One strategy advisors can use is time blocking – i.e., blocking off stretches of time in one’s calendar for specific tasks or even for a single project. Creating this focused time not only helps eliminate distractions and inefficiencies caused by frequently bouncing between tasks; it can also make the advisor more efficient and effective at their tasks when they are immersed and engaged in their work without interruption.
There are several ways that advisors can implement time blocking in their work. ‘Theme Days’ give each day of the week a specific purpose, so tasks can automatically be sorted into the day they ‘belong’ to. Alternatively, the ‘Ideal Week’ method incorporates business and personal goals for advisors who want to work less than the traditional workweek. And ‘Surge Meeting’ schedules block off certain months or weeks of the year for advisors to get in all their client meetings, freeing up the rest of the year for other projects or even for time off.

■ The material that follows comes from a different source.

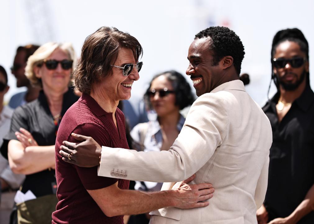 5月14日,在法国戛纳举行的第78届戛纳国际电影节上,《碟中谍8:最终清算》主演、美国演员汤姆·克鲁斯(左)和特拉梅尔·蒂尔曼亮相拍照式。新华社记者 高静 摄

Regardless of the method, time blocking works best when the advisor can remain undistracted by other tasks. This might require some creativity in finding ways to eliminate distractions and organize tasks to ensure they are dealt with at an appropriate time rather than buried in an inbox. Ultimately, though, it may require some fine-tuning (and practice!), time blocking can be the path to achieving greater autonomy – and better wellbeing! – in the year ahead.
Control Over Time Contributes To Financial Wellbeing
In the 2021 Kitces Research Report on What Actually Contributes To Advisor Wellbeing, several factors were found to contribute to advisor wellbeing. However, not many of these factors are within an advisor’s immediate control. While experience matters, newer advisors must wait to attain it, as experience only comes with time. And while being married matters (at least for those who want to be/get married), finding a suitable lifelong partner can take a long time (and as far as I know, the Kitces Summits do not plan to offer match-making breakouts). Employee retention also matters, but much like gaining experience and meeting the right partner, finding and hiring (and keeping!) the right employees is something that can take time; furthermore, while there are steps employers can take to encourage employees to stay, they ultimately have little control over an employee’s actual decision to remain with a firm.
Thriving Advisors Reported Spending More Time On Core Client Work And Less On Other Activities
How an advisor spends their time throughout the workweek also made the list as a contributor to advisor wellbeing. The Advisor Wellbeing survey examined responses from ‘Thriving’ and ‘Struggling’ advisors, and our results found that thriving advisors tended to spend slightly more time on ‘core’ client work (e.g., client meetings, plan development, and investment management), and less time on business development, administration, and back-office client service tasks.
However, unlike other factors that contribute to their wellbeing, such as gaining experience, being married, and retaining employees, advisors have much more immediate control over choosing how to spend their time during the workweek. This is not to say that advisors should strive only to do core client work, nor is it to say that advisors should strive to work more hours so that they can increase their core client work (while maintaining critical business development and administrative activities). The reality is that for many advisors, doing more work might not even be possible, as there are limits to the amount of thoughtful client work that an advisor can do in a week without risking burnout.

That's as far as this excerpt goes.